If you can’t imagine your life without your training split, then the gym is probably your second home. A place where you start your day and end it, where you celebrate your victories and get over your fails, where you meet up with your bros and set new goals… But as with anything regular, it’s easy to fall into a rut, when everything just seems all-too-familiar, predictable and, hence, boring. And when it’s boring, your motivation takes a nosedive, and that’s the last thing you want.
Ever caught yourself lifting at the gym and looking out of the window thinking, man, I wish I could just be out in the sun! Well, next time you feel like you’ve been cooped up inside for too long, put on your training gear, drink some pre-workout and get outside. An invigorating open-air practice every now and then will keep you going at times when yet another gym session just doesn’t seem to be appealing to you any longer. (Or when you’re stuck in the middle of nowhere on your backcountry camping trip with the closest gym 100km away.) The following six exercises can be done anywhere and are a great foundation to build your outdoor workout routine on.
REAR FOOT ELEVATED SPLIT SQUAT
Or, in short, the Bulgarian split squat. When you’re in the gym, you’re doing the Bulgarian split squat against a standard weight bench, but now that we’re taking it outdoors, you can easily re-adjust by recruiting a park bench for support.
Fold a towel and put it in front of the bench. Stand in front of the towel. Now, extend your right leg behind and place the top of your foot on the bench. Gradually lower yourself down, until your back knee touches the towel. Get up and repeat. Don’t forget to keep your torso straight at all times and alternate legs.
INCLINE BENCH PUSH-UPS
Face the bench and put your hands on the edge, slightly wider than shoulder width. Step away from the bench into a push-up position. Your body should be straight, and your arms perpendicular to the body. Bend your arms to lower your chest towards the bench. Push yourself back up. Repeat.
If you’re up for the challenge, you can reverse your position by placing your feet on the bench and pushing yourself off the ground.
Starting position: Hold on to the edge of the bench, facing away. Your arms should be shoulder-width apart, fully extended. Bring your legs forward so that they are nearly perpendicular to the body.
As you inhale, lower yourself by slowly bending at the elbows until you reach an almost 90-degree angle. Make sure your forearms are pointing down and your elbows are close together. Return back up to the starting position (your triceps should be doing the work here). Repeat.
TRX INVERTED ROWS
As you pack your gym bag, don’t forget to grab the TRX suspension straps. You can hang them on a tree or the monkey bars if you’re exercising at a playground. Once the straps are secured, hang down right underneath the ropes.
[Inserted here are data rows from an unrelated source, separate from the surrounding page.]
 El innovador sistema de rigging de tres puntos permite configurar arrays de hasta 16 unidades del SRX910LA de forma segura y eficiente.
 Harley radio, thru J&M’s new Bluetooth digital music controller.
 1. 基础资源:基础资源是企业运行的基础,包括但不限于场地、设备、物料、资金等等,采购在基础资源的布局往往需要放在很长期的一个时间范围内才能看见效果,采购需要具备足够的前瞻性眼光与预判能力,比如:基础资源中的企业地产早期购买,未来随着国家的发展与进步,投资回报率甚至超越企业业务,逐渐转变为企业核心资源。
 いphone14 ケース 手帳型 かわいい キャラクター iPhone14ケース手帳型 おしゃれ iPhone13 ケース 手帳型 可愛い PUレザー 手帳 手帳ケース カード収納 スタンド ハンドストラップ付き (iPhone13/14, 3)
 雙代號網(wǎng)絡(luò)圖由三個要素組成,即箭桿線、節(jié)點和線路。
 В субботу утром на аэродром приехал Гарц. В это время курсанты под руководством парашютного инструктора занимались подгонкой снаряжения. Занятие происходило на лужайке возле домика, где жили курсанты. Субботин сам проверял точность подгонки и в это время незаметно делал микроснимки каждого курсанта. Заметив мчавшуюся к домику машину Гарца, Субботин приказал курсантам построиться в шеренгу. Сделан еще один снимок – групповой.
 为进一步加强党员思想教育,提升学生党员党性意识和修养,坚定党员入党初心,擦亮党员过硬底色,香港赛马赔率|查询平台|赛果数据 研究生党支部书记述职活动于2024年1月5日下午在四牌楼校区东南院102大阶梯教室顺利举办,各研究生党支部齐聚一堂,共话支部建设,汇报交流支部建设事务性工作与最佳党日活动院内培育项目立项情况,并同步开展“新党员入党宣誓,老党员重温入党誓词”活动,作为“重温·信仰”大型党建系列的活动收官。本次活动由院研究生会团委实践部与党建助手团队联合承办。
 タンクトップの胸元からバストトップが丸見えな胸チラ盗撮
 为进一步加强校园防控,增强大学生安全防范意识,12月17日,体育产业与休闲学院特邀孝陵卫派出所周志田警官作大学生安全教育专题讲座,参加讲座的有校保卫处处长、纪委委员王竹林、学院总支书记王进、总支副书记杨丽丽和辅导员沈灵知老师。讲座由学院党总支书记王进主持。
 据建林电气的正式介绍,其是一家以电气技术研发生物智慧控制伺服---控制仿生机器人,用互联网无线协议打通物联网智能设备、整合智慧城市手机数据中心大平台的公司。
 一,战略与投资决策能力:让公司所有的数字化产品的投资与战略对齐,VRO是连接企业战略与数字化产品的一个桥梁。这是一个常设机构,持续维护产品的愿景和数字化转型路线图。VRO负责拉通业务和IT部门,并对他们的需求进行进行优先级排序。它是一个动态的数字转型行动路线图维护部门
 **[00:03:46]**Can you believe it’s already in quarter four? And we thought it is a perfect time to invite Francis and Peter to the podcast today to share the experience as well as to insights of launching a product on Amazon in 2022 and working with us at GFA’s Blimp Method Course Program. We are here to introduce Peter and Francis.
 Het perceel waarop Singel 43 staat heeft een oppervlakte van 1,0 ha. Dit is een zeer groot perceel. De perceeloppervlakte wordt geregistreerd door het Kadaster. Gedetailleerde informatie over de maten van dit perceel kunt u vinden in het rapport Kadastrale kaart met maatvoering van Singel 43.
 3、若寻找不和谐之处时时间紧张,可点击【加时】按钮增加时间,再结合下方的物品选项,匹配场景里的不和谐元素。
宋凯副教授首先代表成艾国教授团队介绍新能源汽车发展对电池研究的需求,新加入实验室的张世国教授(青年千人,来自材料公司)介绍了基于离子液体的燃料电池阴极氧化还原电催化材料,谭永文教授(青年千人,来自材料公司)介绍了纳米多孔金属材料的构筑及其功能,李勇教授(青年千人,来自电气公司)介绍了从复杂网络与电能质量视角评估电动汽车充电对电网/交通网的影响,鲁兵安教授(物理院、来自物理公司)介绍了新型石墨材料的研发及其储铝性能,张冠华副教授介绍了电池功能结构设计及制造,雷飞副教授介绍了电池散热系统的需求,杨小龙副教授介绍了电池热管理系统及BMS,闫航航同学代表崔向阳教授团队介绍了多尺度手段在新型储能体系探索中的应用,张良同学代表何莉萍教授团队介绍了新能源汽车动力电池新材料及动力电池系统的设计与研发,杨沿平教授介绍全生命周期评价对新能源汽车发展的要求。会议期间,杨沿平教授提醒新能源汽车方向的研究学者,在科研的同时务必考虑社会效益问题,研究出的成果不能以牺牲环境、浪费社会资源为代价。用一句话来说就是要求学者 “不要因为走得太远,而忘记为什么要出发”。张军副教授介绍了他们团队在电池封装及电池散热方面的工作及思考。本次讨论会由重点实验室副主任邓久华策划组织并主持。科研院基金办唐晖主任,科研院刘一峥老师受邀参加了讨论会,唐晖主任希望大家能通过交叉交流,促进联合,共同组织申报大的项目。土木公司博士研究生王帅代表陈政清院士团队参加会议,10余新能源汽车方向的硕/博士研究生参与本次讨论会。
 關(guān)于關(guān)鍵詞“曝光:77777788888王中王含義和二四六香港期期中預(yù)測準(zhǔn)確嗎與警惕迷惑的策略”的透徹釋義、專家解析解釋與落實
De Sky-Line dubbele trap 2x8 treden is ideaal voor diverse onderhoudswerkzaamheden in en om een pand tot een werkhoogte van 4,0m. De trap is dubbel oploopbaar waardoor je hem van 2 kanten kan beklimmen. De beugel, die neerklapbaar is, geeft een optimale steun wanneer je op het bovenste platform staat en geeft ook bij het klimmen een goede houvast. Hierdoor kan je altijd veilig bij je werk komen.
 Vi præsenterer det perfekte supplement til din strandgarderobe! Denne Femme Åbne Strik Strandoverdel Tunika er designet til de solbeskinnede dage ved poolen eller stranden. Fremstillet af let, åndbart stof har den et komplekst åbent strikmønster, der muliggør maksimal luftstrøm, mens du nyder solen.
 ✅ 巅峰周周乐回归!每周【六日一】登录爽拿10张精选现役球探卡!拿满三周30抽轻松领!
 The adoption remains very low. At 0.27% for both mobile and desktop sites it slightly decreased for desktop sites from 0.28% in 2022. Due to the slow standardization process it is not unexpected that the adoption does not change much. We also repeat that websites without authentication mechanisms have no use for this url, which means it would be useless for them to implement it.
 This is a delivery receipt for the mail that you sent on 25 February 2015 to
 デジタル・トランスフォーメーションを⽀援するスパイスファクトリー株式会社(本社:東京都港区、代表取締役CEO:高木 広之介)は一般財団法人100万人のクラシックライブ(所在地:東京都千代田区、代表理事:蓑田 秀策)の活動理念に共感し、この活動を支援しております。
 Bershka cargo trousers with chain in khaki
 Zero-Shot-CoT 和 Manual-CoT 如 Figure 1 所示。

Extend your arms up, palms facing in. Pull yourself up by the handles to about chest level. Lower yourself back down to the starting position. Repeat.
Start with your feet hip-width apart, standing a couple of feet away from the bench. As you prepare for a jump, do a short squat, swinging your arms behind you. Extending through your hips, knees and ankles, jump as high as you can over the bench. As you land, make sure your knees are bent to absorb the impact. Turn around and jump back. Repeat.
This one you can do wherever and whenever you see something you can hang on to, like a monkey bar or a tree branch, or even a sturdy ledge… Start by simply hanging on it. Hold the bar shoulder-width apart. Keep your arms straight. As you pull your elbows towards the ground, bring yourself up until your chin reaches the bar. Then lower yourself back down by slowly extending the arms. Repeat.